Exercise aim: Lines from the one holding "Navigate to the" through the end of the entries, inclusive, form the whole output; reproduce them exactly and omit pictures.

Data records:

'''

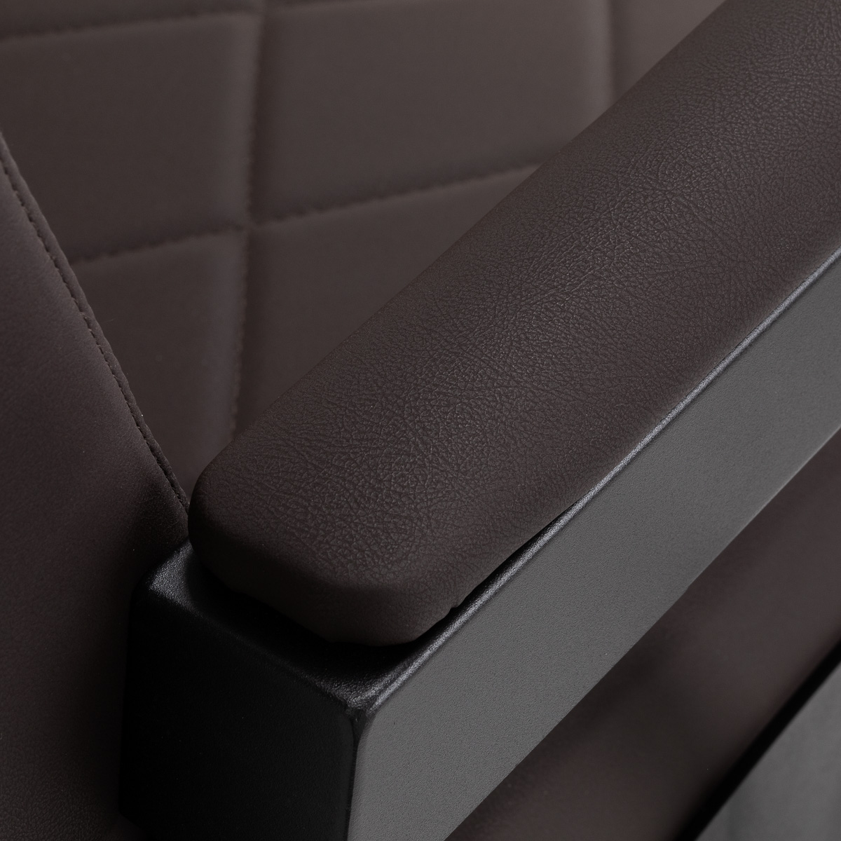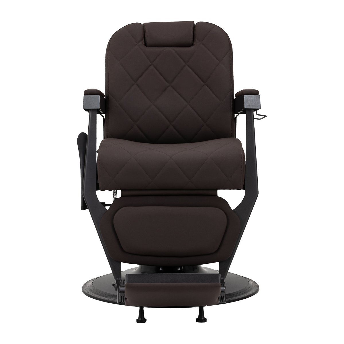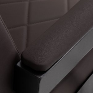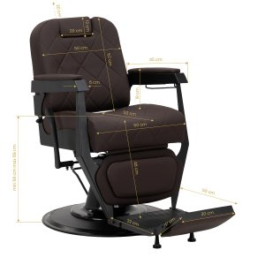 Stabilna konstrukcja zapewnia bezpieczeństwo i długą żywotność mebla. Siedzisko wypełnione pianką odporną na odkształcenia oraz obicie z miękkiej skóry syntetycznej zapewniają meblowi trwałość i wygodę. Odporne na wilgoć materiały są nie tylko wytrzymałe, ale również łatwe w czyszczeniu. Brązowa tapicerka w połączeniu z czarną ramą nadaje fotelowi nowoczesny i profesjonalny wygląd, a minimalistyczny styl pozwala mu wpasować się w wystrój każdego salonu barberskiego.
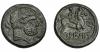 HISPANIA ANTIGUA. BELIKION. As. A/ Cabeza masculina a der., alrededor 3 delfines. R/ Jinete lancero a der., debajo BeLIKiON. AE 10,35 g. 23,6 mm. I-244. ACIP-1437. Pátina oscura rugosa. MBC+. Muy rara.
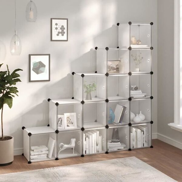 vidaXL Förvaringskuber stapelbara 15 kuber med dörrar genomskinlig PP 340553
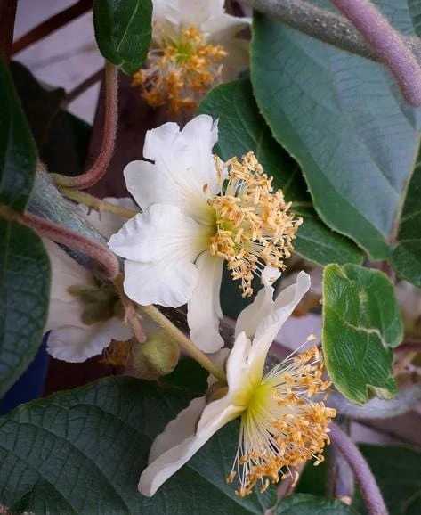 This robust climber blooms over a long period and is a necessary male pollinizer for fuzzy deliciosa females, as well as early-blooming hardy arguta kiwis, but not for later-blooming argutas or kolomikta kiwi varieties.
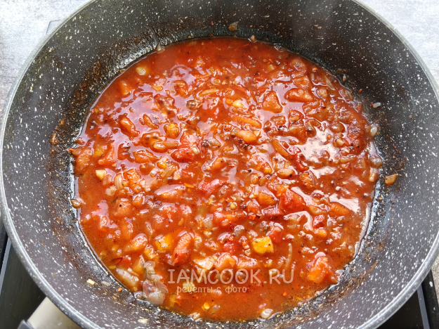 Накрыть сковороду крышкой и потомить соус на среднем огне несколько минут.
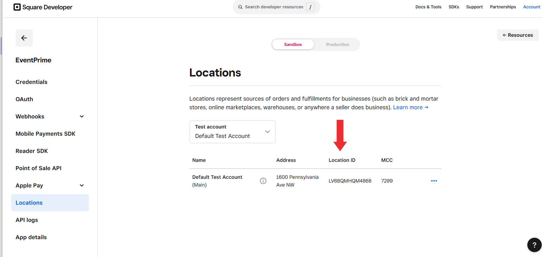 Navigate to the Locations tab, copy your Location ID.
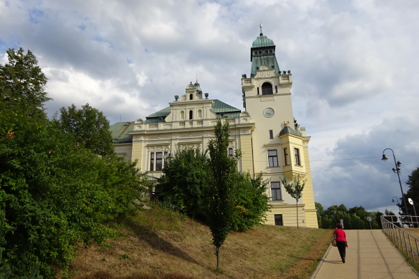Ich spaziere nun mehrere Kilometer vom Westen in den Nordosten der Stadt zurück. Die Ostravice ist eigentlich ein kleiner Fluss mit wenig Tiefe und geringer Breite, dennoch scheinen einige auf Kajaks Wildwasserfeeling zu bekommen. Eine von vielen Brücken führt auf die andere Seite hinüber, wo sich in Hanglage das alte Rathaus befindet, in dem die Slesko-Ostravsky Galerie untergebracht ist. Gegenüber der Keltickova-Straße steht auf einem Sockel ein Panzer, der an die Befreiung des in der Hand der Deutschen Wehrmacht befindlichen Ostrava durch die Rote Armee im Mai 1945 erinnern soll.

'''

Answer section:
 Navigate to the Locations tab, copy your Location ID.
Ich spaziere nun mehrere Kilometer vom Westen in den Nordosten der Stadt zurück. Die Ostravice ist eigentlich ein kleiner Fluss mit wenig Tiefe und geringer Breite, dennoch scheinen einige auf Kajaks Wildwasserfeeling zu bekommen. Eine von vielen Brücken führt auf die andere Seite hinüber, wo sich in Hanglage das alte Rathaus befindet, in dem die Slesko-Ostravsky Galerie untergebracht ist. Gegenüber der Keltickova-Straße steht auf einem Sockel ein Panzer, der an die Befreiung des in der Hand der Deutschen Wehrmacht befindlichen Ostrava durch die Rote Armee im Mai 1945 erinnern soll.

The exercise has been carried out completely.